Canadian rare earths explorer Pele Mountain Resources (TSX-V:GEM) closed up 18% on Monday after the Toronto company announced an updated PEA on its Eco Ridge project.
The project near Elliott Lake, Ontario, is now looking at a 9,000 tpd operation with life-of-mine production of 97.2-million pounds of total REO and 27.5-million pounds of U3O8 over an 11-year mine life. Rare earth elements to be processed include neodymium, dysprosium, yttrium, terbium and europium.
Since publication of its previous PEA in July 2011 (the “2011 PEA”), Pele has pursued opportunities for processing circuit improvements at Eco Ridge. The updated PEA demonstrates that the projected financial benefits from sharply higher rare earth recoveries, as a result of conventional milling rather than leaching, far outweigh associated capital and operating cost increases and more conservative forecast pricing for rare earth oxides (“REO”) and uranium oxide (“U3O8”). All production and recovery figures below represent significant gains from the 2011 PEA for Eco Ridge.

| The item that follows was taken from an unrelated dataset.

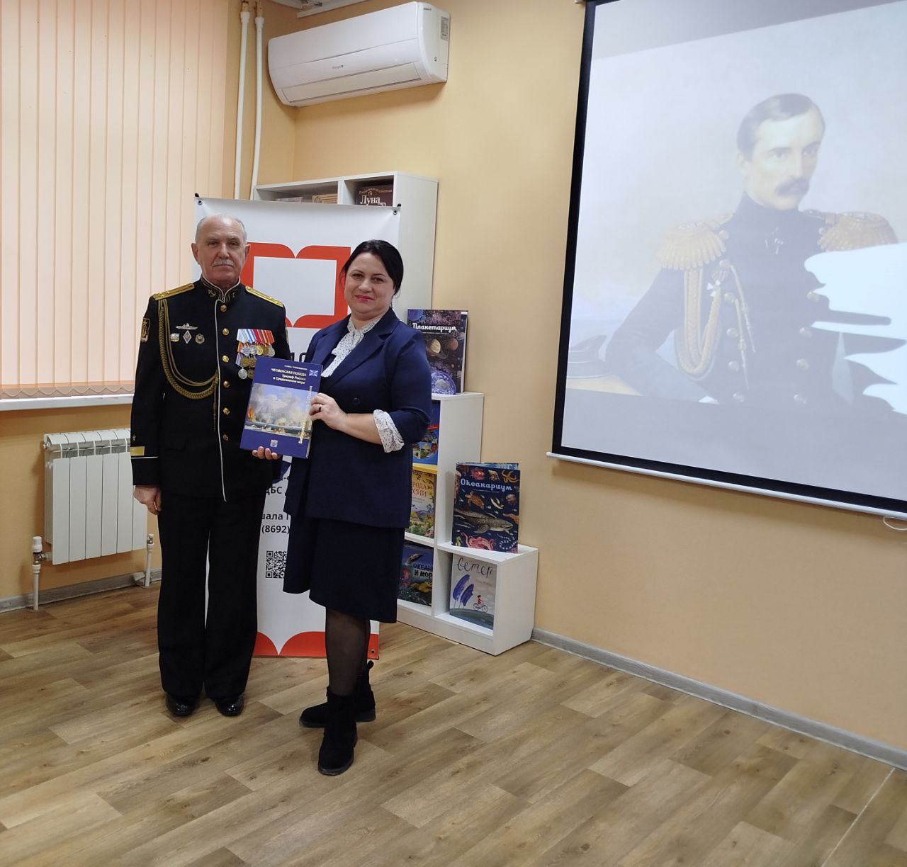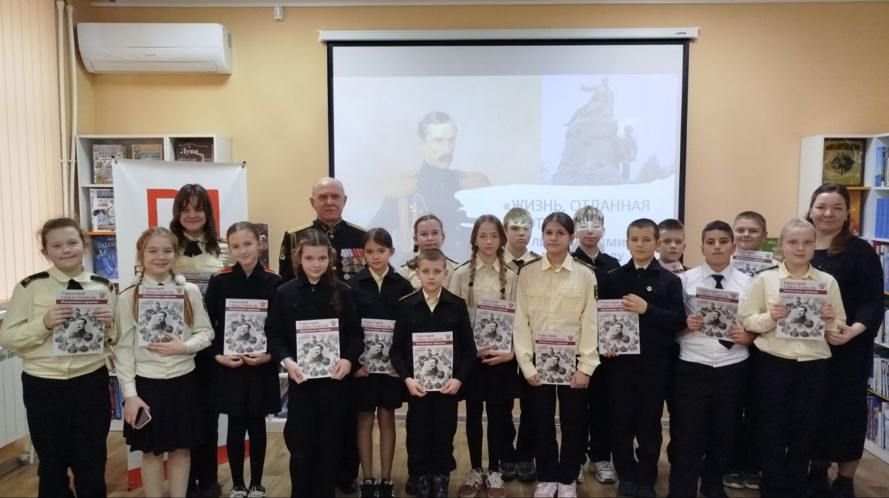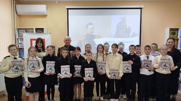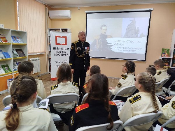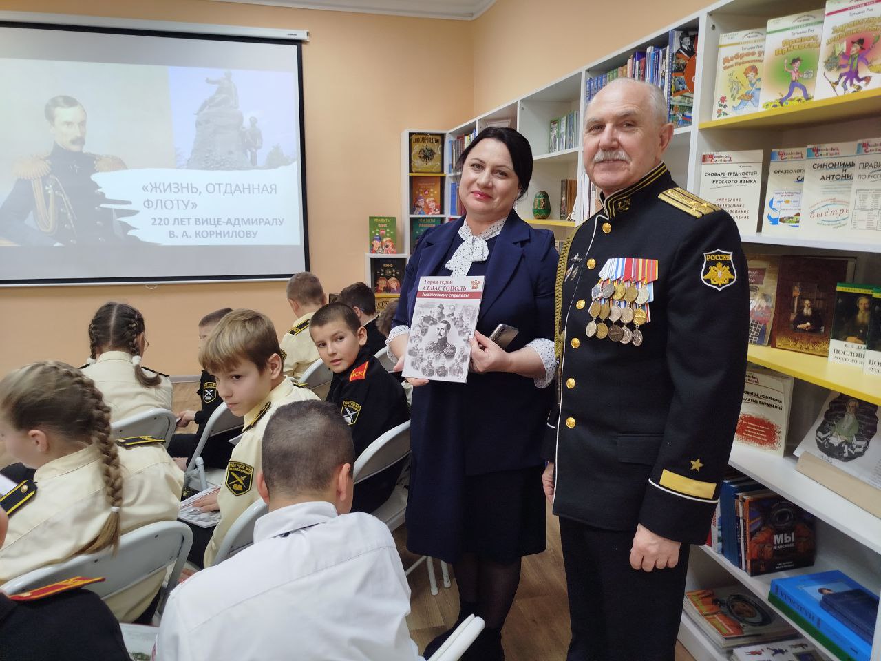 Председатель Севастопольского Морского Собрания В. Пискайкин встретился с кадетами кадетского класса школы № 22 г. Севастополя в библиотеке-филиале № 13 Централизованной библиотечной системе для детей г. Севастополяна на тематическом мероприятии "Честь и верность. Вице-адмирал Корнилов В.А.", посвященном 220-й годовщине со дня рождения флотоводца.

“Our updated PEA demonstrates that Pele is one of the clear leaders in the ongoing race to develop new sources of critical rare earths outside of China. We are focused on transitioning into the feasibility and licensing stages as we advance Eco Ridge toward development and production,” said Pele President and CEO Al Shefsky.
Pele says in its press release that Eco Ridge is the only Canadian mining camp to have ever achieved commercial rare earth production. The mine once supplied 35% of the world’s yttrium, which is used in garnets, superconductors, and in medical applications, including cancer treatments.